The new TV movie Line of Fire: The Morris Dees Story (NBC Monday at 9 p.m.) casts Corbin Bernsen as the Southern lawyer who took on the Ku Klux Klan.

Tyne Daly stars in The Last to Go (ABC Monday at 9 p.m.), another new TV movie, as a woman who sees the dreams of her youth change over a 22-year period.

In Sidney Lumet’s absorbing The Verdict (Channel 5 Tuesday at 8 p.m.), Paul Newman digs deep to show the rebirth of a decent man, a Boston lawyer on the skids who lands a case never meant for trial. The 1982 film is the engrossing story of Newman’s redemption, a crackerjack courtroom drama (in which Newman is pitted against suave Establishment attorney James Mason), a suspense piece--and a stunning rendering of Boston.

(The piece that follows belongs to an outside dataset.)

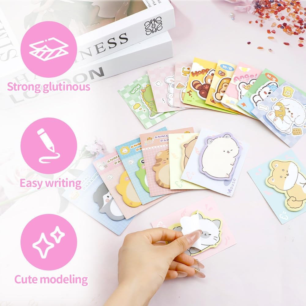 Cute Cartoon Animal Sticky Notes-Adorable 16-Animal Design Set/Easy Peel & Stick Functionality

Tom Hanks is the engaging naif who becomes mixed up with some CIA shenanigans in The Man With One Red Shoe (Channel 11 Tuesday at 8 p.m.), a 1985 remake of the even funnier French comedy, “The Tall Blond Man With One Black Shoe.”

52 Pickup (Channel 5 Wednesday at 8 p.m.) is a dull, brooding 1986 thriller in which Roy Scheider’s midlife crisis evolves into a deadly war with a trio of crazed blackmailers.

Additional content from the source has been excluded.